People say- you are born as original, don’t die like a sham; you live just once, live like you want it; you are unique, do not try to be like others.
For some people it is easy to know what they exactly want. For some..not so. Question- why that’s so? Why it is so damn hard to be who you are? And to know who you want to be?
It’s good to be born special. Cause then you have different problems to solve! (stupid thought, I know)
Well, this weeks special- be special, unique, original- yourself. And find the ways to be like that- on your own!
There is no need for motivation if you don’t need or you not want anything. But in life- such a situation – is one in a million. Even if it’s better for you not to want anything.
The complex of things like needs, motives, aims and interests will make our behavior and will show the direction and intensity in which we are moving. But sometimes it gets to the point when we need a bigger amount of self motivation for things we are going after.
People say that motivation doesn’t stay for a long time. But we need to practice in it every day, just like for taking a shower. I would say- we need things big and worth enough to wait for them, to fight for them, and never give up, never quit and never stop wondering about them.
At this point in my life, I’m stuck.. and searching for self motivation. And here is one good thought I found which helps. At least for a while and gives a different view.
“It is good to be pleased with things you belong, but never be pleased with what you are.”J. Mackintosh
So.. if I do know what I want, I have set a goal, I’m taking some kind of action, but I still haven’t accomplished the aim, I need to be thankful for the time I have for myself and self development. Waiting is definitely hard. But I know that I can’t quit so easily. It’s just a beginning.
Learn how to use Skype. Learn to use microwave. Learn to read, to speak etc. It’s all for good, definitely, no doubt.
Is it possible to learn to let people go? Or is it just time who makes everything in balance again?
It is hard- that’s for sure. And when you let someone go, there is a place for someone new. But does anyone asks if I want that? Why isn’t it possible to get all the good stuff without leaving any behind?
Well, I would say there are two ways in my mind at this moment. One is to fight for the wanted and find new ways to work it out and solve the problem. Do whatever it takes to keep on going with the best ( as one good friend say’s- That’s the spirit). Or just let time to do what it does, to get used to the situation and just remember the things they were used to be.
So basically it’s not about learning to let someone go.
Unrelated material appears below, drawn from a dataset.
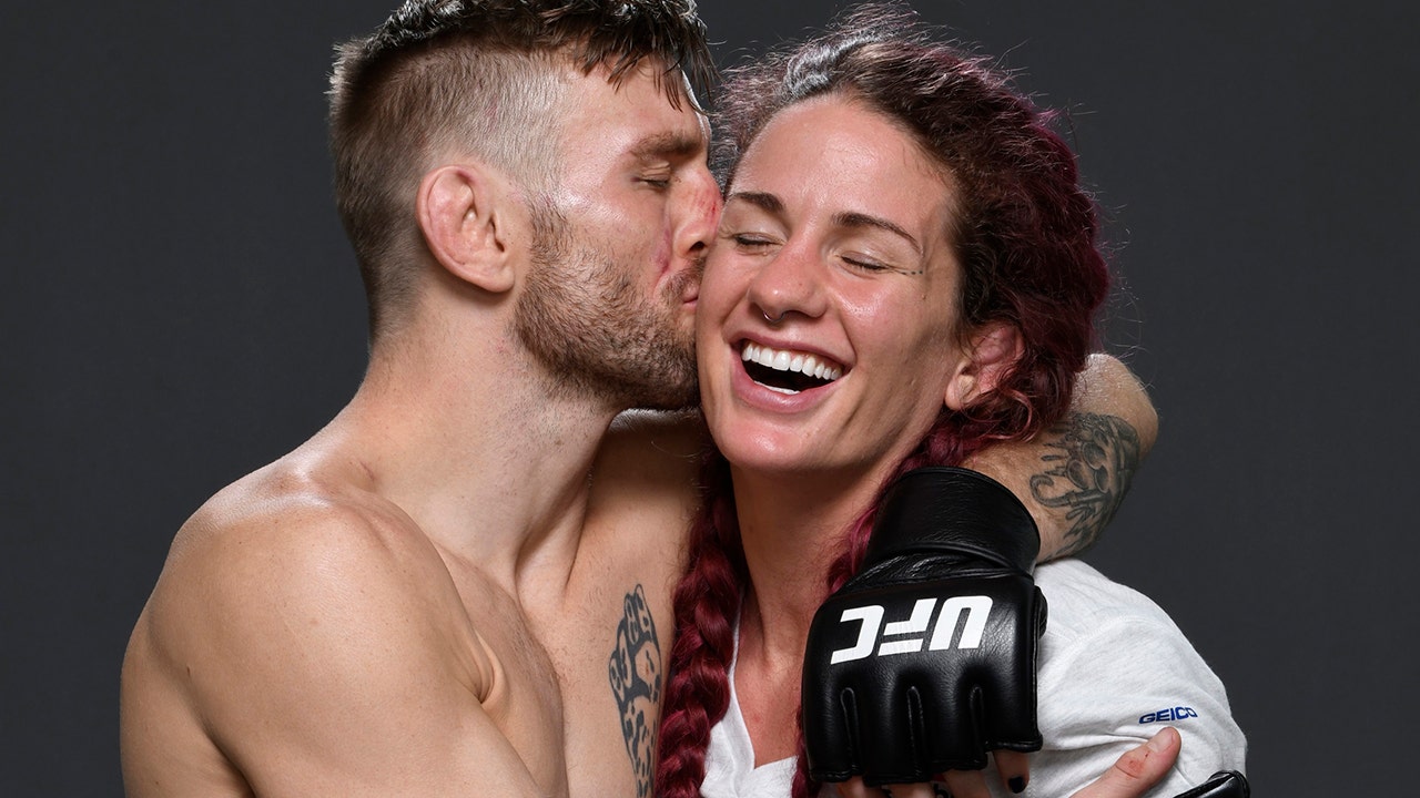 Tim Elliott poses for a portrait with then-girlfriend Gina Mazany after his victory during the UFC Fight Night event inside Flash Forum on UFC Fight Island on July 16, 2020 in Yas Island, Abu Dhabi, United Arab Emirates. (Mike Roach/Zuffa LLC via Getty Images)

It’s about choosing how you will live your life further, how you will deal with the new situation- sad and frustrated about all, or trying to find the ways for working things out on a whole new level!
What is so special about hugs?
They always are for free
They show that you are someones
They make you feel secure
They show care
They help you trough sadness
They are with you in good times
They make you feel not alone
Hugs make an understanding feeling
With hug you are never alone
It means that you are special
No matter what- big
Hugs don’t care about origin
But the best thing about hugs
It’s all about friendship
Amazing simple thing
Well, probably this is one of the days when I feel messed up for all 100%.
From outside we can be like “golden pieces”- intelligent, good looking, calm, unshakable, happy, brave, whatever we or the world want to see.
But in inside- it’s like a real mess. Millions of things are standing in a row to be changed, removed or even deleted. But how? Even if there is an answer. It’s so damn hard. And when you have solved one stupid problem in yourself, seems like thousands are waiting to show themselves shouting out and laughing- “Hey! See me? Do you see me? Here I am! Hey! I’m talking to you. Catch me if you can! Solve me if you can! I’m strong.We all are strong.”
All this together is too much for one person. And I don’t even know what would be better- to wish for a night when you forget everything and wake up like a newborn child with chance to start a new life, or just rent a bunch of instruments to fight with for life which is given.
For this moment I think I would be really happy if I could smile about good things, don’t worry about things which can be changed, and over all- if I could think less or at least about things which are worth to think about. And of course if I could take any kind of action. Less talking.